Daeken's point below is spot on, but I thought I'd add that, if we don't have the manpower to rewrite everything in a safe language, we can go out of process and sandbox like Chromium does. (In fact, the plan is to sandbox even the safe code.) Of course, that's plan B; plan A is to parallelize the entire stack, top to bottom.


Rust is interesting to deal with some hard problems keeping a multicore program safe and efficient, but I'm sure sandboxing will provide a better tradeoff for a lot of things (and as sho_hn points out, Harfbuzz correctly embeds a lot of domain knowledge from multiple cultures). C can be locked down pretty tight, see for example ZeroVM which restricts it to pure functional code.


Text shaping is hard? How about a browser? If these guys think they've got something innovative, more power to them. We got this comment a lot back when we started Chrome, but fortunately we didn't let it stop us :-)


Yes, browsers are hard!* That was sort of the point: If you're trying to crack a problem like that, you might not want to also try to solve text shaping on the side, because you may not have the time to do it properly. There's a lot more out there than English, and OpenType can do quite a lot.

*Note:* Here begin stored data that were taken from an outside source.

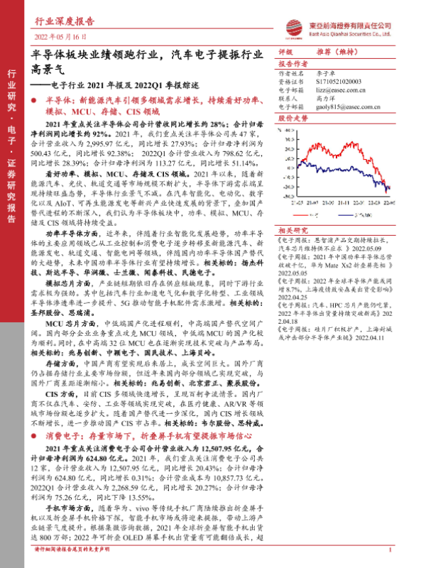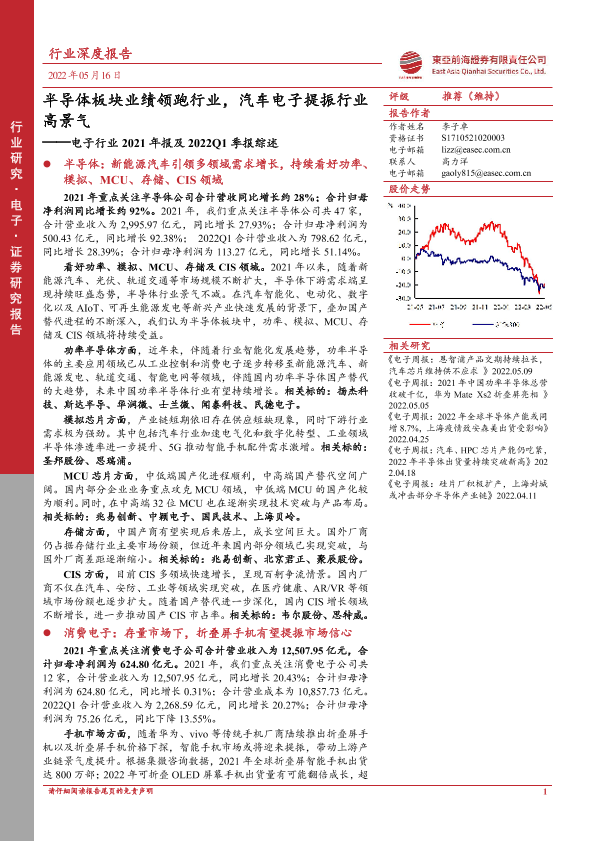 【东亚前海证券】【20220516】电子行业2021年报及2022Q1季报综述:半导体板块业绩领跑行业,汽车电子提振行业高景气-28页
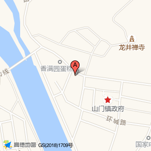 胡亦加香烟店位于山门镇红军公园红军出征门(龙井禅寺)寺庙道观东北方向284.815米的位置。
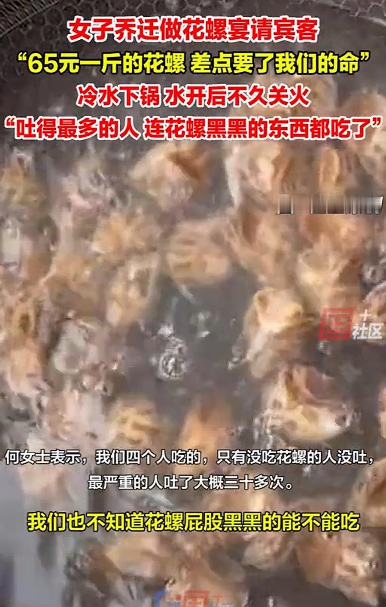 “心不是一般的大!”浙江绍兴,女子搬家请朋友吃饭,煮了一锅花螺,结果吃完几个人疯狂呕吐,最严重的一个人吐了三十多次。网友:“一看就是没煮熟!” 浙江绍兴一位女子搬新家请客,特意买了65元一斤的花螺招待朋友,诚意还是挺足的。 可奈何她这个厨艺实在不咋地,一开始她将花螺冷水下锅,但水开后不久就关火盛盘,压根就没想到花螺没煮熟。 她的朋友也是心大,都没意识到问题,直接就吃了起来,结果吃完饭没多久,四位客人中有三人出现呕吐症状。 而吃得最多的人最严重,他连花螺黑乎乎的内脏也吃了,结果吐了三十多次。 唯一没吐的是那位没吃花螺的客人,后来女子才知道,花螺尾部黑乎乎的地方不能吃,而且她烹饪时间可能不够,压根没把花螺煮熟! 这事传到网上,引起不少人讨论。有网友说,这么贵的海鲜差点成毒药。 也有人感慨:做饭光看价格不行,得会处理。 请客吃饭是好事,但食品安全不能大意。请客的人都想用好的食材招待朋友,但要是处理不当,反而会出问题。买贵的不如买对的,会做比舍得花钱更重要。 现在资讯发达,学东西方便,手机一搜就能找到各种食材的处理方法。所以请客前做点功课,既能展示手艺,又能保证安全。虽然可能不够熟练,但至少不会出大错。 朋友聚会重在情谊,不在排场。请客的人不必追求高档食材,家常菜也能吃出温暖。被请的人也不会计较吃喝,大家在一起聊天开心最重要。 就像老同学聚会,一碗面条也能吃出当年情谊,你说呢?
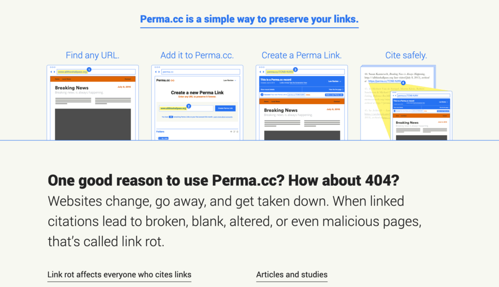 Perma.cc was developed by Harvard’s Library Innovation Lab in 2013 to combat “link rot” in academic and legal citations. It creates permanent, verifiable records of web pages with unique URLs, making them ideal for scholarly references.

* = I hail from KDE, and am good friends with some of the people who originally made the browser engine you're using today in Chrome :).


Like I said, the success of the project doesn't depend on the feasibility of rewriting HarfBuzz. We're quite pragmatic about using external libraries; in fact, Rust's FFI is the best FFI I've ever used in any non-C/C++ language. Robert's point is simply that the end result will be better if we can make a memory-safe, parallel HarfBuzz along the way, written in a language that improves programmer productivity.